Task directions:
With the pictures removed, the data below must be transcribed in full and exactly.

** Opening Records shown block **

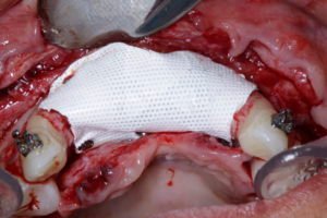 Houve precaução para que a membrana não tocasse os dentes adjacentes, seguido da proteção da membrana densa com membranas de LPRF. As suturas foram realizadas sem tensão usando monofilament 3.0 e 4.0 de teflon (Cytoplast). A radiografia periapical final mostra a magnitude da reconstrução.
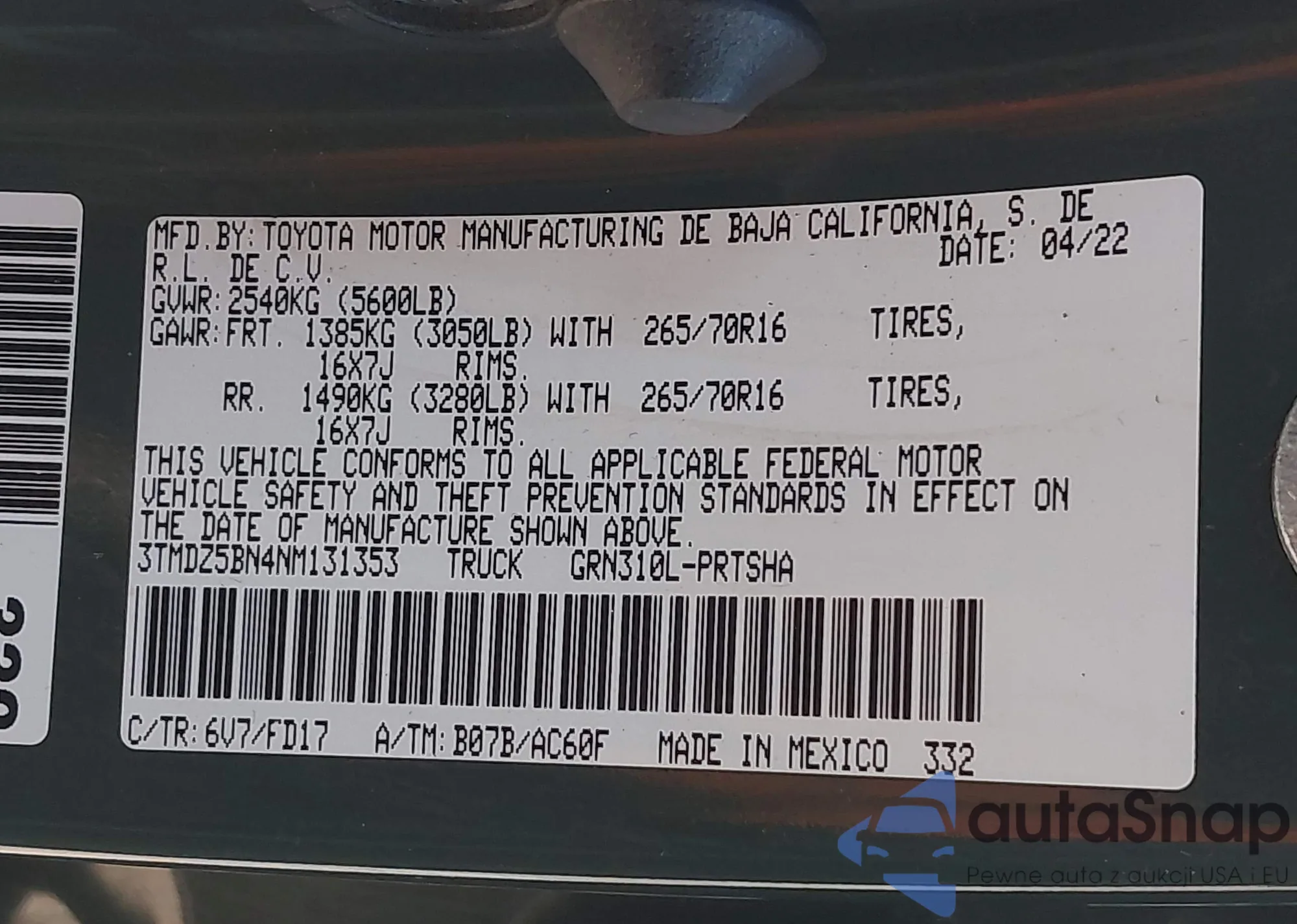 The car Toyota Tacoma 2022 (VIN 3TMDZ5BN4NM131353) has not been auctioned before. The documents are clean, and the mileage matches or is below the market average. Sold by an insurance company – we recommend purchase. Delivery to the port will take approx. 6–8 weeks.
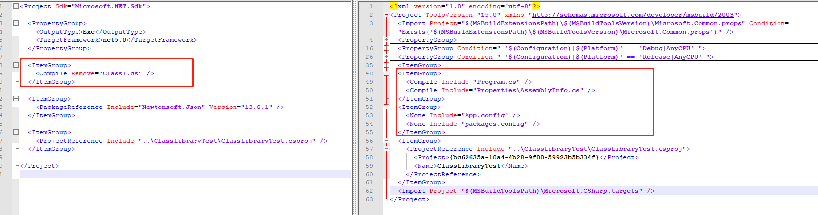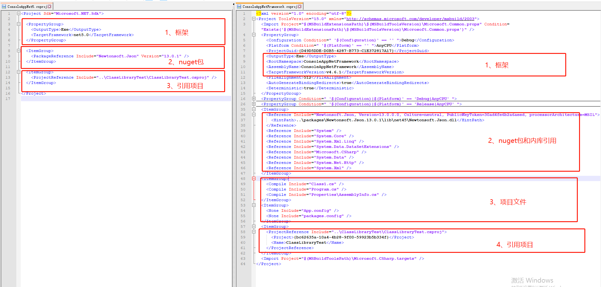 在项目里面找到项目文件.csproj,打开两个文件对比,左边是.net 5右边是.net framework 4.6.1。
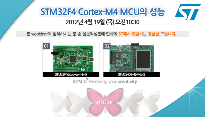ST에서 새롭게 출시한 STM32F4 MCU에 대한 소개와 기존 제품과 차별화된 성능을 경험할 수 있는 데모가 준비되어 있습니다. 그 세부적인 내용으로 Cortex-M4 Core에대한 설명과, M4 Core를 기반으로 어떻게 STM32F4제품이 210DMIPS(168MHz)까지 그 성능을 끌어 올릴 수 있는지 MCU성능에 주안점을 두고 설명드릴 예정입니다.
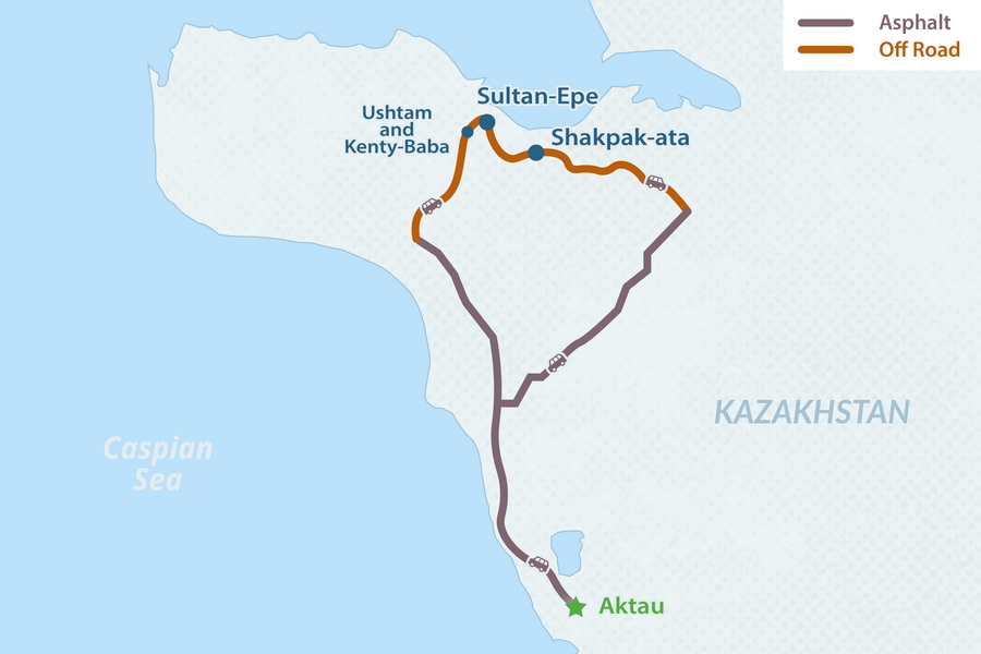 16:00 – 18:00 Return to Aktau – beginning with 35 km of dirt road, which gradually transitions to asphalt, followed by another 100 km on a well-maintained highway. Arrival in Aktau. End of the one-day tour to the underground mosques of Sultan-Epe and Shakpak-ata.

** Closing Records shown block **

Exercise response:
 Houve precaução para que a membrana não tocasse os dentes adjacentes, seguido da proteção da membrana densa com membranas de LPRF. As suturas foram realizadas sem tensão usando monofilament 3.0 e 4.0 de teflon (Cytoplast). A radiografia periapical final mostra a magnitude da reconstrução.
 The car Toyota Tacoma 2022 (VIN 3TMDZ5BN4NM131353) has not been auctioned before. The documents are clean, and the mileage matches or is below the market average. Sold by an insurance company – we recommend purchase. Delivery to the port will take approx. 6–8 weeks.
 在项目里面找到项目文件.csproj,打开两个文件对比,左边是.net 5右边是.net framework 4.6.1。
ST에서 새롭게 출시한 STM32F4 MCU에 대한 소개와 기존 제품과 차별화된 성능을 경험할 수 있는 데모가 준비되어 있습니다. 그 세부적인 내용으로 Cortex-M4 Core에대한 설명과, M4 Core를 기반으로 어떻게 STM32F4제품이 210DMIPS(168MHz)까지 그 성능을 끌어 올릴 수 있는지 MCU성능에 주안점을 두고 설명드릴 예정입니다.
 16:00 – 18:00 Return to Aktau – beginning with 35 km of dirt road, which gradually transitions to asphalt, followed by another 100 km on a well-maintained highway. Arrival in Aktau. End of the one-day tour to the underground mosques of Sultan-Epe and Shakpak-ata.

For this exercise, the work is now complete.